Data extracts
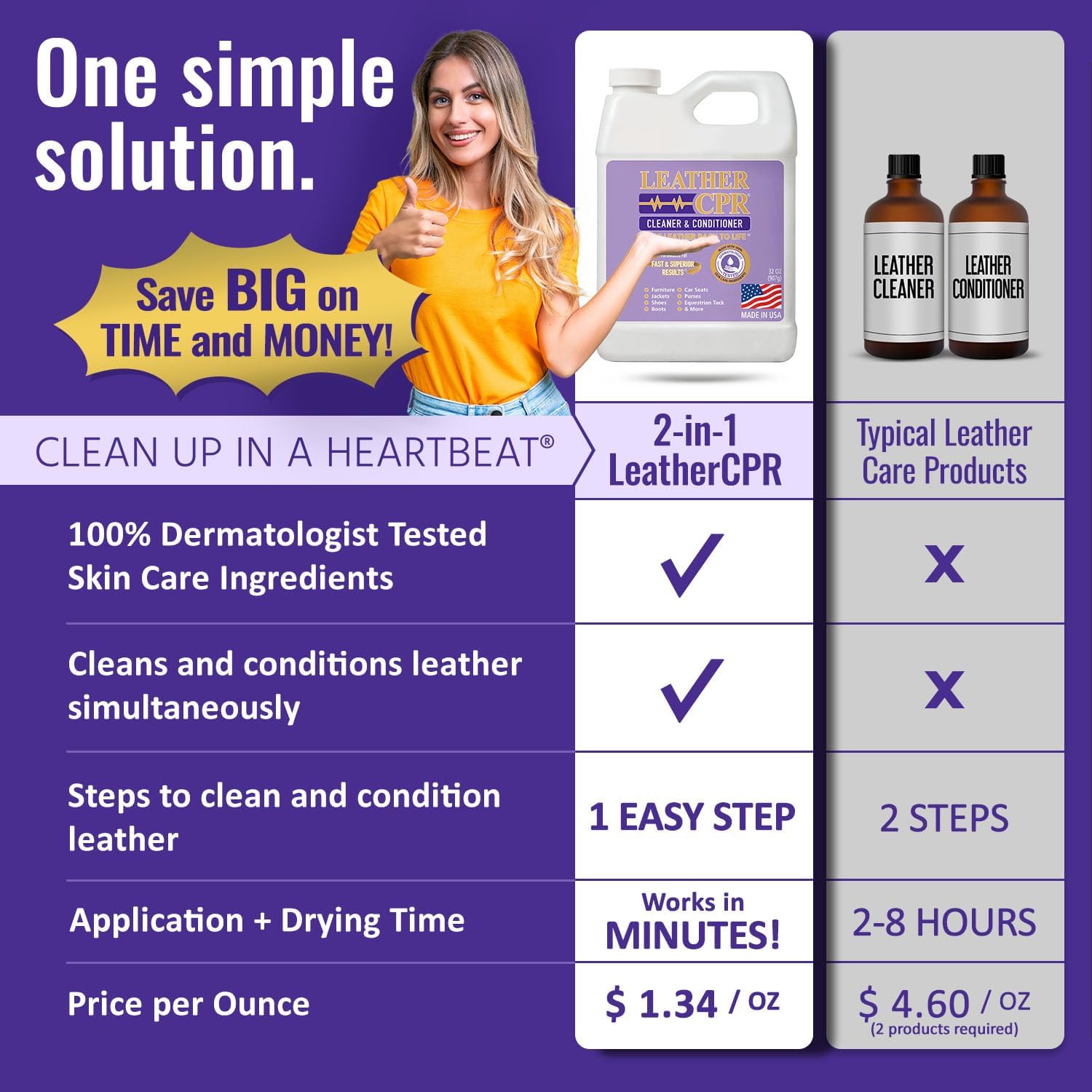 • CPR Cleaning Products Outperforms for You: Leather CPR was created to fill a void in leather care products, delivering exceptional performance trusted by high-end retailers, car manufacturers, and leather enthusiasts worldwide for over two decades. Our professional leather cleaner outshines competitors, ensuring your leather furniture, leather couches, car seats, and more stay pristine. Experience the difference in leather furniture care with Leather CPR—the ultimate leather protector.
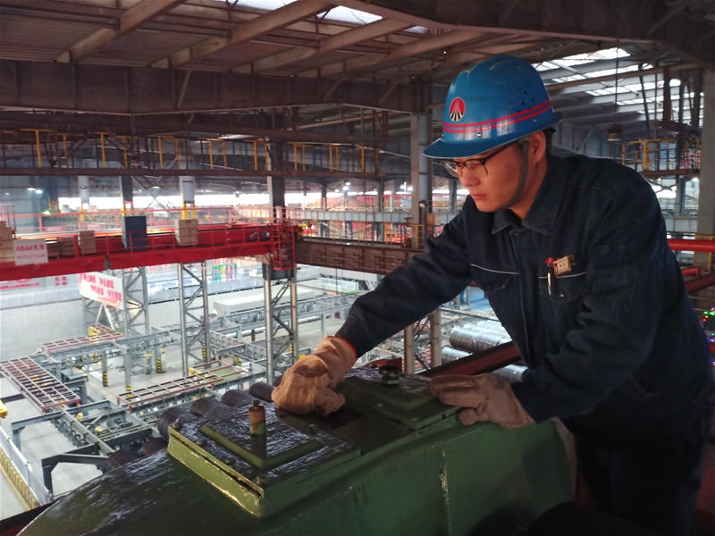 在原料跨,火紅的鋼坯垛位非常壯觀,很多人稱(chēng)之為“火焰山”。冬天暖和,但是遇上夏天,溫度不言而喻。今年32歲的天車(chē)工李鵬飛,有著多年的原料跨天車(chē)操作經(jīng)驗(yàn),深知自己在“火焰山”上肩負(fù)的責(zé)任與使命。工作中,他始終保持孜孜不倦的態(tài)度,用心做好每一件事。每當(dāng)煉鋼廠把紅鋼坯從熱送輥道上送過(guò)來(lái)時(shí),他便注意力高度集中,啟動(dòng)天車(chē),準(zhǔn)備夾鋼。只見(jiàn)他彎腰低頭,雙手操作控制器,將紅鋼坯從輥道上夾起,然后放到鋼坯垛位上碼放整齊。看似簡(jiǎn)單的動(dòng)作,實(shí)則需要掌握標(biāo)準(zhǔn)化作業(yè),精確擺放。而行如流水、一氣呵成的操作,均來(lái)自他日積月累的工作經(jīng)驗(yàn)和勤奮的學(xué)習(xí)。
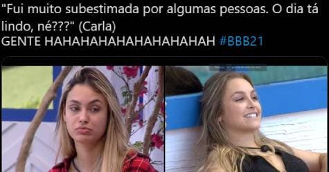 O pessoal da casa desde a hora que a Carla voltou#bbb21 pic.twitter.com/cZs5OZZQ07
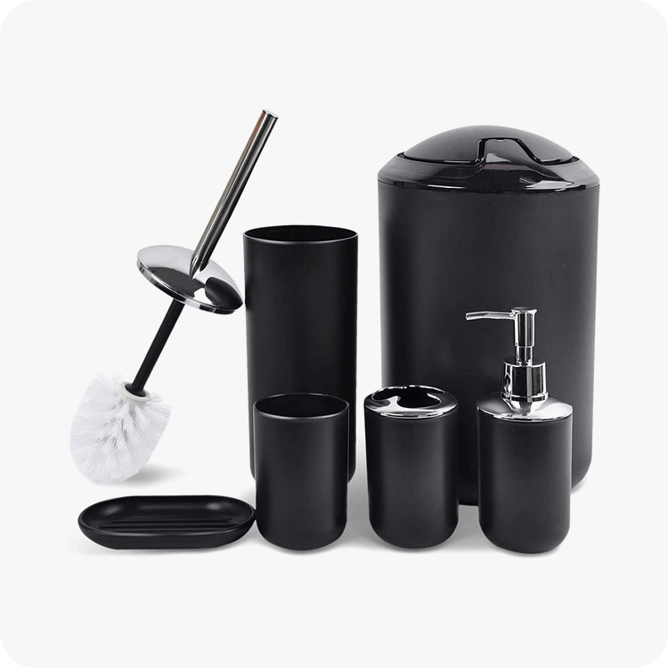 This 6-Piece Bathroom Accessory Set is made of durable plastic that can outlast competing products. It’s also ideal for kids’ bath for its durability and not easy to break like ceramic set , not easy to mildew like bamboo set. Our high quality plastic bath accessories will resist to constant use, keeping their look just as elegant and new over time
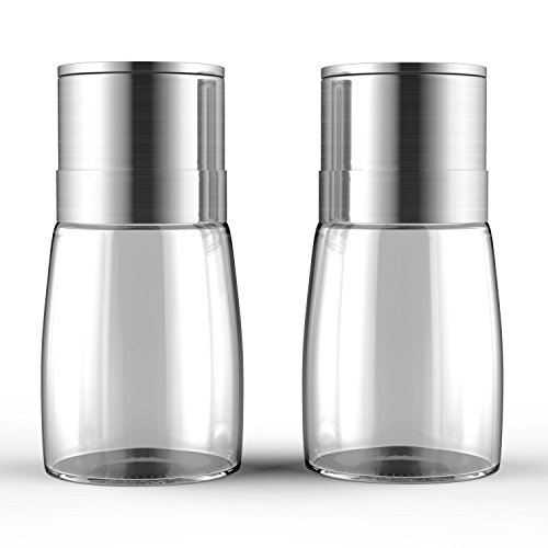 Salt and Pepper Grinder Set – Premium Stainless Steel Manual Mills – Adjustable Coarseness, Brushed & Elegant – Best Glass Shakers, Containers and Dispenser – Refillable Holder & Organizer Combo Gift
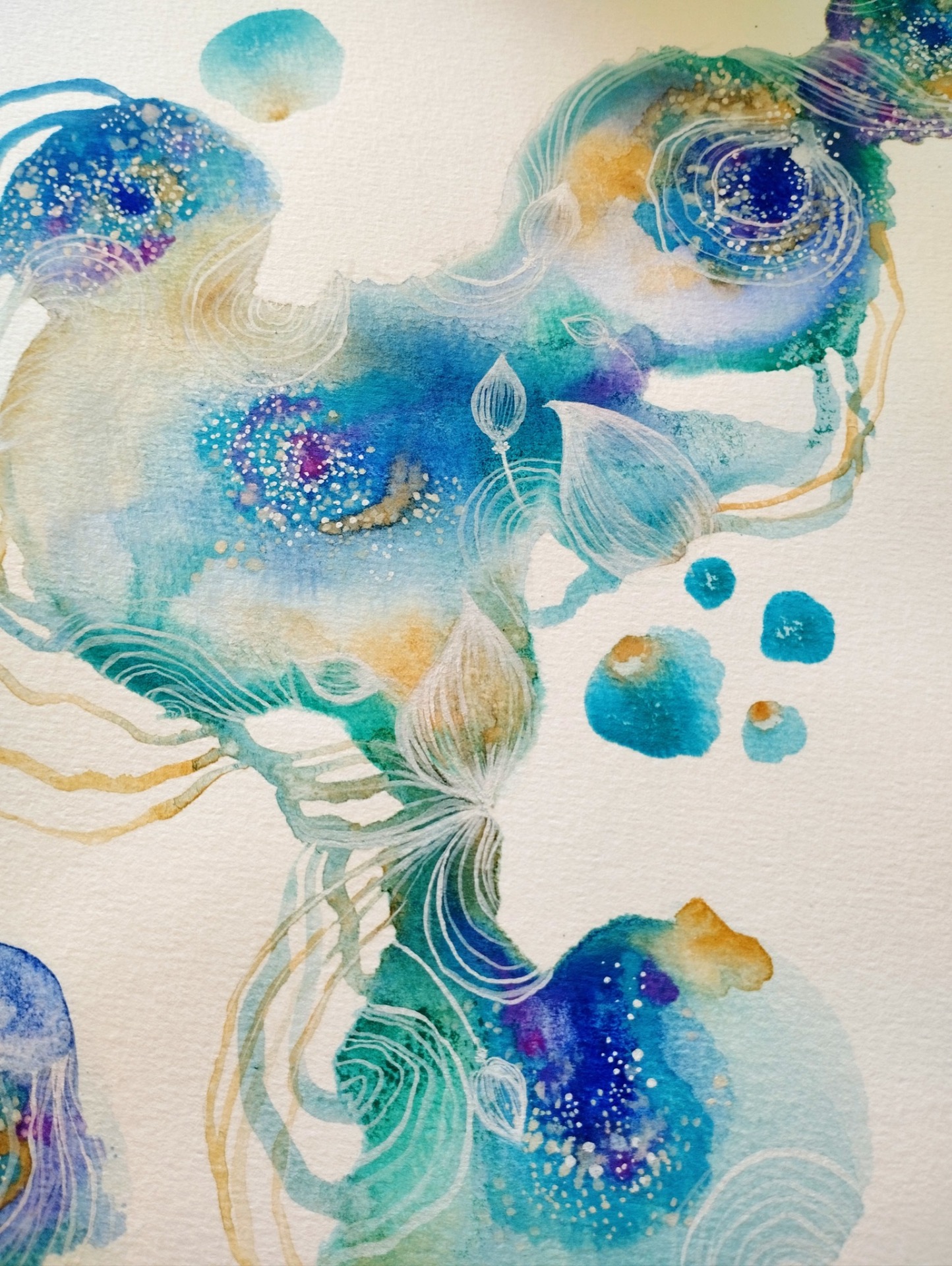Cette peinture est en lien avec notre chakra de la gorge & notre troisième oeil qui sont en relation avec notre authenticité, la connaissance de soi, la libre expression sans crainte de dire sa vérité et la manifestation de l'essence de notre âme

Task
The copy you produce must hold all the records above exactly and none of their pictures.

Solution for this exercise
 • CPR Cleaning Products Outperforms for You: Leather CPR was created to fill a void in leather care products, delivering exceptional performance trusted by high-end retailers, car manufacturers, and leather enthusiasts worldwide for over two decades. Our professional leather cleaner outshines competitors, ensuring your leather furniture, leather couches, car seats, and more stay pristine. Experience the difference in leather furniture care with Leather CPR—the ultimate leather protector.
 在原料跨,火紅的鋼坯垛位非常壯觀,很多人稱(chēng)之為“火焰山”。冬天暖和,但是遇上夏天,溫度不言而喻。今年32歲的天車(chē)工李鵬飛,有著多年的原料跨天車(chē)操作經(jīng)驗(yàn),深知自己在“火焰山”上肩負(fù)的責(zé)任與使命。工作中,他始終保持孜孜不倦的態(tài)度,用心做好每一件事。每當(dāng)煉鋼廠把紅鋼坯從熱送輥道上送過(guò)來(lái)時(shí),他便注意力高度集中,啟動(dòng)天車(chē),準(zhǔn)備夾鋼。只見(jiàn)他彎腰低頭,雙手操作控制器,將紅鋼坯從輥道上夾起,然后放到鋼坯垛位上碼放整齊。看似簡(jiǎn)單的動(dòng)作,實(shí)則需要掌握標(biāo)準(zhǔn)化作業(yè),精確擺放。而行如流水、一氣呵成的操作,均來(lái)自他日積月累的工作經(jīng)驗(yàn)和勤奮的學(xué)習(xí)。
 O pessoal da casa desde a hora que a Carla voltou#bbb21 pic.twitter.com/cZs5OZZQ07
 This 6-Piece Bathroom Accessory Set is made of durable plastic that can outlast competing products. It’s also ideal for kids’ bath for its durability and not easy to break like ceramic set , not easy to mildew like bamboo set. Our high quality plastic bath accessories will resist to constant use, keeping their look just as elegant and new over time
 Salt and Pepper Grinder Set – Premium Stainless Steel Manual Mills – Adjustable Coarseness, Brushed & Elegant – Best Glass Shakers, Containers and Dispenser – Refillable Holder & Organizer Combo Gift
Cette peinture est en lien avec notre chakra de la gorge & notre troisième oeil qui sont en relation avec notre authenticité, la connaissance de soi, la libre expression sans crainte de dire sa vérité et la manifestation de l'essence de notre âme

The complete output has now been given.